U.S. Secretary of State Condoleezza Rice said Friday that the United States has no desire to be the world's jailer, but suggested that Washington is reluctant to release prisoners from Guantanamo Bay until it is certain they pose no threat.
Foreign Secretary Jack Straw, Rice's host in northern England , announced last week that Britain would take up the case of a British resident held at the Cuban base. Previously, Britain would only take up the cases of citizens, and won the release of all nine Britons.
"We want the terrorists that we capture to stand trial for their crimes," Rice said in a speech at Ewood Park in Blackburn .
"But we also recognize that we are fighting a new kind of war, and that our citizens will judge us harshly if we release a captured terrorist before we are absolutely certain that he does not possess information that could prevent a future attack or, even worse, if we meet that terrorist again on the battlefield," she said.
Prime Minister Tony Blair has avoided criticizing the indefinite detention of terrorist suspects at Guantanamo , merely calling it "an anomaly" that sooner or later must end.
On March 22, Straw announced that the government would intervene with the United States on behalf of Bisher al-Rawi, 37, a native Iraqi and British resident who was arrested in Gambia three years ago.
Straw did not explain why it was taking up the case, but al-Rawi's lawyers have claimed that before his arrest, he was supplying information to British intelligence about Abu Qatada, a radical London-based preacher.
Earlier, demonstrators booed, chanted "Condoleezza Rice, go home" and called her a war criminal as she joined Straw on a tour of northern England .
About 200 demonstrators at a Blackburn school students and their parents protested Rice's visit, some carrying signs that read: "How many lives per gallon?" and "Blood, Lies, Oil, War."
Blackburn, a city of about 140,000, has the country's third-highest Muslim population, and Rice had planned to visit the Masjide Al Hidayah mosque, but anti-war protesters presented a security threat, said Ibrahim Master, a mosque official.
But officials canceled the trip because anti-war protesters said they would heckle her during prayer time, mosque official Ibrahim Master said. "It wasn't canceled because we don't like Condoleezza Rice," he said.
A prominent poet and actress also pulled out of planned appearances at a Liverpool Philharmonic concert Rice is to attend later Friday in protest of U.S. foreign policy.
But Rice said she wasn't surprised by the protests, calling it an essential element of a healthy democracy.
"People have the right to protest.
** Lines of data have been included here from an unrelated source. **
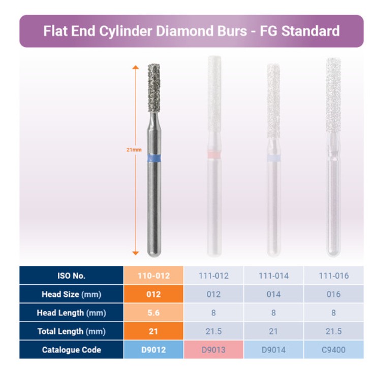 Hjem / Dental / Borr / High speed FG 19mm standard / iM3 Borr, High Speed, FG, Diam. flat end cyl. 012 Med Grit
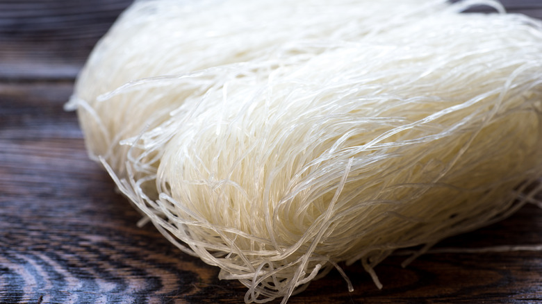 Anything starchy and delicate will work; look for noodles about the size of angel hair pasta. We mentioned cellophane noodles, which can be made from mung bean starch or sweet potato starch, among other things. These will provide a visually transparent, absorbent, and slightly chewy feature, which is perfect for the dish. In addition, the Vietnamese noodle known as bún (also called rice vermicelli or rice stick) will do wonderfully well in fāloodeh.
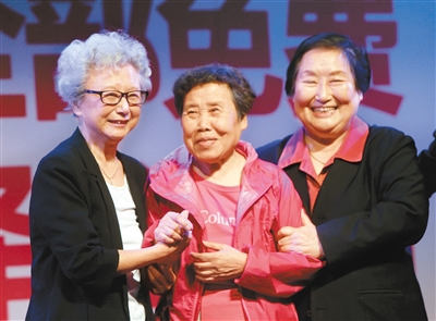 老艺术家全巧民(左)、李夕岚和李爱琴(右)亮相招生启动仪式现场
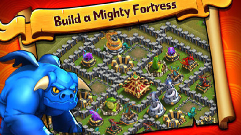 《龙之斗》是一款即时策略游戏,借鉴了COC的基本模式,还加入了模拟经营的玩法。这一次,我们将回到远古的恐龙时代。进入游戏后,眼前这片绿草地就是我们的根据地了,首先建立一些设施丰富它。矿洞、龙巢、雕像等等,每一个种类都建好以后,我们还需要练兵。
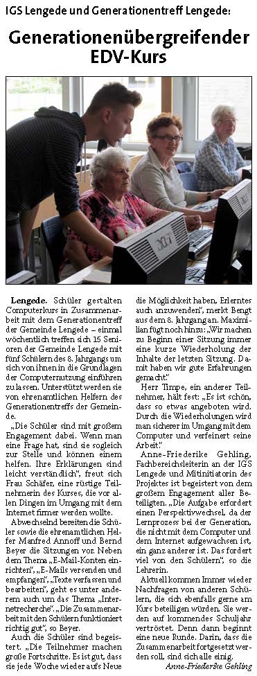 PAZ: "IGS-Schüler trainieren Senioren am PC"
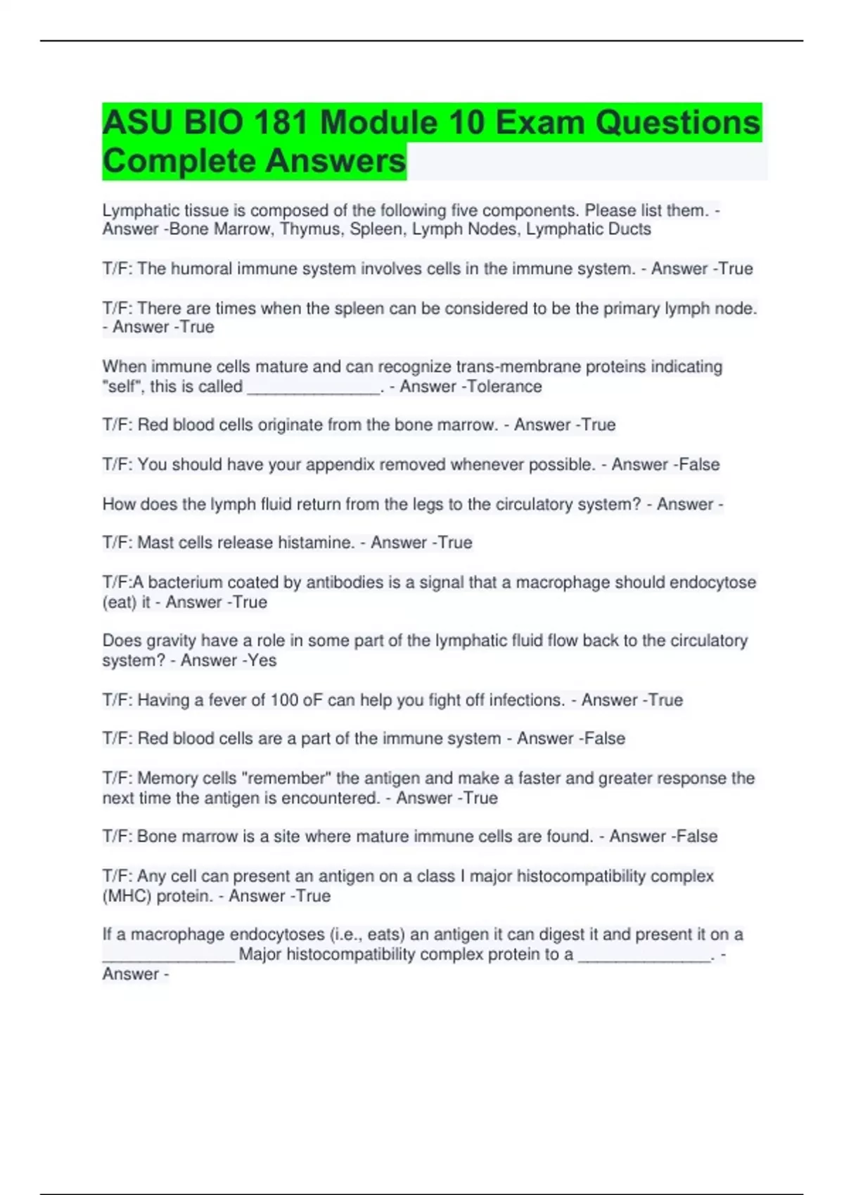 ASU BIO 181 Module 10 Exam Questions Complete Answers Lymphatic tissue is composed of the following five components. Please list them. - Answer -Bone Marrow, Thymus, Spleen, Lymph Nodes, Lymphatic Ducts T/F: The humoral immune system involves cells in the immune system. - Answer -True T/F: There are times when the spleen can be considered to be the primary lymph node. - Answer -True When immune cells mature and can recognize trans-membrane proteins indicating "self", this is called ______________. - Answer -Tolerance T/F: Red blood cells originate from the bone marrow. - Answer -True

That's what democracy is all about," she said in Blackburn , with Straw at her side.
"I've seen it in every city I've visited in the United States . No, I'm not surprised. People have strong views," she added.
Rice also is to meet Muslim leaders and the town's mayor, Ugandan immigrant Yusuf Jan-Virmani, on Saturday.
The protests were the reverse of the warm reception she received last fall when Straw accompanied her on a down-home tour of her native Alabama . Then, elderly white women lined up to shake the hand of a black native daughter made good.
"It's one thing to say this is a cultural visit, but others see it as a council of war," said Carmel Brown, an anti-war protester in Liverpool .
Arif Waghat, a 47-year-old father of two teenagers demonstrating outside the Blackburn school, accused Rice and Straw of warmongering.
"I'm not going to let a couple of warmongers deprive my children of their education," Waghat said.
Opponents of the Iraq war set up a Web site, that listed times and locations for marches and gatherings. Protesters planned to distribute T-shirts that read, "Fab Four, Not War," in reference to Liverpool 's most famous export, The Beatles.
Rice and Straw also discussed a US$256 billion Joint Strike Fighter jet deal under negotiation. Straw is to show Rice a British Aerospace factory, where the pair are expected to discuss the deal with workers, reports the AP.